Charles Colson passed away this last Saturday, April 21st. Remembrances and tributes are still being made, as is appropriate. He was a tremendous figure, and his work for the Lord, his impact on the church and how Christians should live and think, and his service to the least of these as well as his country cannot be measured and will not be replicated.
He had a special relationship with Union University, and he also had a particular impact on politics. Ultimately, he didn’t have this impact as he once would have envisioned. As an important aide to Richard Nixon, the pre-conversion Charles Colson must have thought he had “made it” and would be doing great things for his country.

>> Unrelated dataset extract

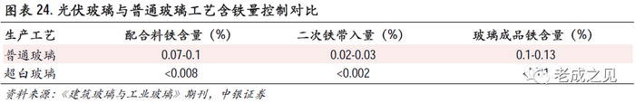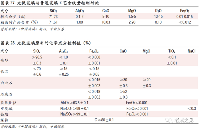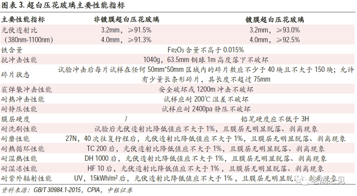低铁高透是光伏玻璃与普通玻璃的主要区别:与普通玻璃相比,光伏玻璃最大的特点为具有低的Fe2O3含量及高的光伏透射比。国标规定超白压花玻璃Fe2O3含量应不高于0.015%,而普通玻璃的铁含量约为其10倍;非镀膜3.2mm、镀膜3.2mm超白压花玻璃光伏透射比分别应不低于91.5%、93%,而普通玻璃(3.0mm)的透射比一般低于光伏玻璃5-7个百分点。此外,光伏玻璃对抗冲击性能、耐热性能、耐湿冻性能、耐磨性能、颜色均匀性等品质的要求也高于普通玻璃。
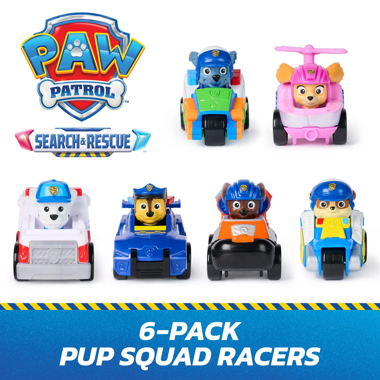 Join the PAW Patrol Pup Squad for turbo-charged adventures with the Serach & Rescue Pup Squad racers! This set of PAW Patrol toys includes all six main pups: Chase, Marshall, Skye, Rubble, Rocky, and Zuma. Each racer is styled just like the rescue vehicles from the show, bringing the excitement of Adventure Bay right to your home. With real working wheels, these 2.5-inch racers are ready to zoom into action, whether for a birthday, holiday, or just a fun day of pretend play. Their compact size makes them PAWfect for on-the-go rescue missions, fitting comfortably in the palm of your hand. These PAW Patrol learning toys are PAWsome for a birthday, or any holiday. Relive cherished moments from past PAW Patrol seasons, like the Mighty Pups and PAW Patrol Movie, or create new adventures with a PAW Patrol tower, individual PAW Patrol action figures and their PAW Patrol vehicles, for turbo-charged adventures

But his real impact came in the decades of service, witness, and worldview thinking that followed his conversion. He did not see a disjunction between changing society through political means and changing society by changing hearts. Laws matter, and policies matter. Hence his involvement with Timothy George and Robert George to found the Manhattan Declaration and stand for life, marriage, and religious liberty. But he also worked tirelessly for “heart” change, but in the church and in one of the most neglected areas of our society, prisons. He was also instrumental in furthering genuine and robust conversation between Evangelicals and Catholics. The following are some reflections from Union’s political science professors when asked for their thoughts about his passing.
Hunter Baker:
The first time I saw Chuck Colson walk across a room, I was deeply moved. His book Born Again made a powerful impression on me, both in terms of politics and faith. Colson had a reputation as Nixon’s axe man, the tough fixer willing to run over his own grandmother to help Nixon. His conversion is the closest modern day equivalent I can find to Paul’s dramatic transformation in Damascus. He continued to care about politics, but found a greater purpose than he’d ever had before which was to share the gospel with men in prison. God blessed his ministry. As his influence grew, he sought to influence our nation’s political life with a combination of love and truth. America was better because of Chuck Colson’s life and work.
Sean Evans:
I think of the power of God and redemption. Here is a man who served the god politics and lived by its mantra of “by all means necessary” which led him to his inevitable conviction after Watergate. But it was in prison that we saw Colson be humbled and turn to God and accept him as his Savior. Colson’s creation of Prison Fellowship and his ministering to convicts over the past thirty years proves the power of Christ and his ability to redeem humanity.
Micah Watson:
I remember being fed spiritually by Colson’s early books, Born Again and Loving God. And I remember being challenged to think “Christianly” by Colson’s later works in which he encouraged developing a Christian worldview. I met him once, at a planning meeting for what would become a movement to promote the federal marriage amendment. I remain struck by the lie he puts to the notion that Christians are necessarily mean-spirited or mushy-minded. It’s hard to convey this without appearing to put down other high-profile Christian leaders, but there was something different about Colson, something winsome yet without compromise. I am grateful for how God used him after God called Chuck to Himself, and I remain grateful now that God has called him home. Colson’s conversion came about in part through his reading of C.S. Lewis, who was once described as “the most thoroughly converted man I ever met” by someone who knew him. Surely we can say something similar about Colson. And may we live so that others will someday want to say the same about us.
(cross-posted at Union University).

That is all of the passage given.